■ Entries provided ■
□ □ □

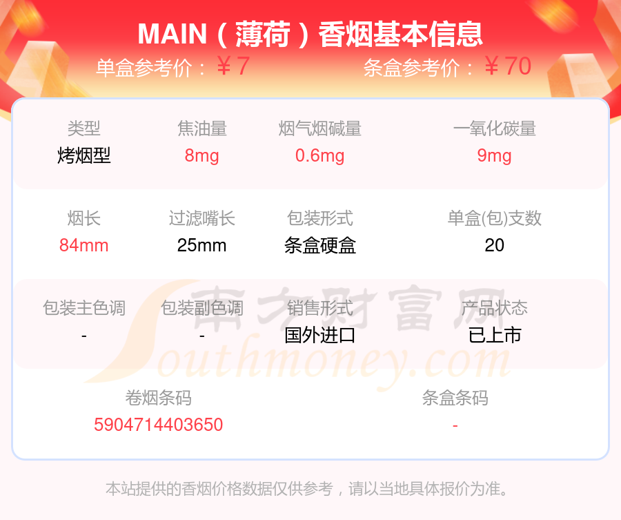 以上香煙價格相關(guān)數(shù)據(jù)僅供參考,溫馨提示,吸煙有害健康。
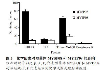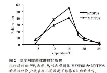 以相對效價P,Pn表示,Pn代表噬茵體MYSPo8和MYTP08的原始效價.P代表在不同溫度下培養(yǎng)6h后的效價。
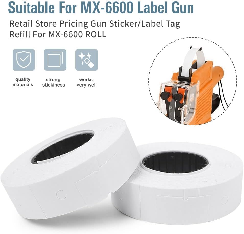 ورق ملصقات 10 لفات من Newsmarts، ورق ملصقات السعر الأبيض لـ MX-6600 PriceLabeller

□ □ □

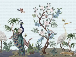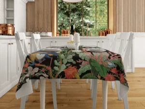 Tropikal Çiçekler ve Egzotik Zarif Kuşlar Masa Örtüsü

□ □ □

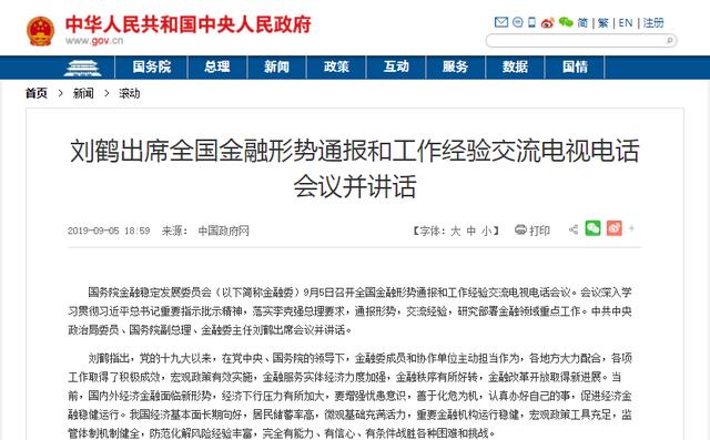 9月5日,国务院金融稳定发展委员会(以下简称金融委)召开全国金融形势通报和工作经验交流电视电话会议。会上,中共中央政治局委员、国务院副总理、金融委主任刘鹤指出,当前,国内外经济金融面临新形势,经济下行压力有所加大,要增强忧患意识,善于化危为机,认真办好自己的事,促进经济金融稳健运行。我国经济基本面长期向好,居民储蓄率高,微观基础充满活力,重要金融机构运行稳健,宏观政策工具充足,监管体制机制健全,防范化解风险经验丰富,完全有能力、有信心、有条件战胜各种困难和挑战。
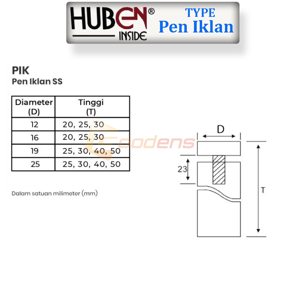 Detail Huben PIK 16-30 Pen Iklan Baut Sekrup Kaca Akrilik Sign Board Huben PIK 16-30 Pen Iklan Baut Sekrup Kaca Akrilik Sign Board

□ □ □

■ Task to carry out ■
Exact copy, pictures excluded: from the line with "以相對效價P,Pn表示,Pn" up to and including the line with "ورق ملصقات 10" in the data above.

■ Result below ■
 以相對效價P,Pn表示,Pn代表噬茵體MYSPo8和MYTP08的原始效價.P代表在不同溫度下培養(yǎng)6h后的效價。
 ورق ملصقات 10 لفات من Newsmarts، ورق ملصقات السعر الأبيض لـ MX-6600 PriceLabeller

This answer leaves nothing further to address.